3. Self Esteem - I Do This All The Time



'I Do This All The Time' by Rotherham indie-pop artist Self Esteem, became an instant favourite after gaining mainstream exposure on Greg James' Radio 1 Breakfast show. It was hard not to fall in love with Self Esteem's unique conversational style that explores feelings of anxiety, whilst also providing a message of self-acceptance. It felt important and relatable to so many young people.

 

2. Sam Fender - Seventeen Going Under



Sam Fender has received a lot of love on the blog this year, all beginning in July with the release of his excellent comeback single 'Seventeen Going Under'. It really felt like the Geordie singer had upped his game even further with an impassioned heartland rock song about his troubled upbringing.

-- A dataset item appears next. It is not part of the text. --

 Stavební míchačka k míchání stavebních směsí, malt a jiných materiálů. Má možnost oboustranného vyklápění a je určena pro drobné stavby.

It touches on bottled up emotions, anger, anxiety and family illness, giving us an honest flavour into the past of one of the biggest contemporary British indie stars. A stunning chant-along song fit for arenas and mainstream radio play. The album of the same name, which was released in October, wasn't half bad either...

 

1. The War On Drugs - I Don't Live Here Anymore



Back in October, The War On Drugs continued their heartland rock brilliance with their fifth album I Don't Live Here Anymore, an album that finished fifth in my best albums of 2021. The highlight of the Philadelphia band's latest was easily the title track. Sitting six tracks in, it felt like the album’s centre point in more ways than one. That heartfelt, 80s groove will touch your soul and have you reaching for that repeat button so you can savour that feeling of desire and regret all over again. An instant and nostalgic number that blew us away on first listen...and continues to do!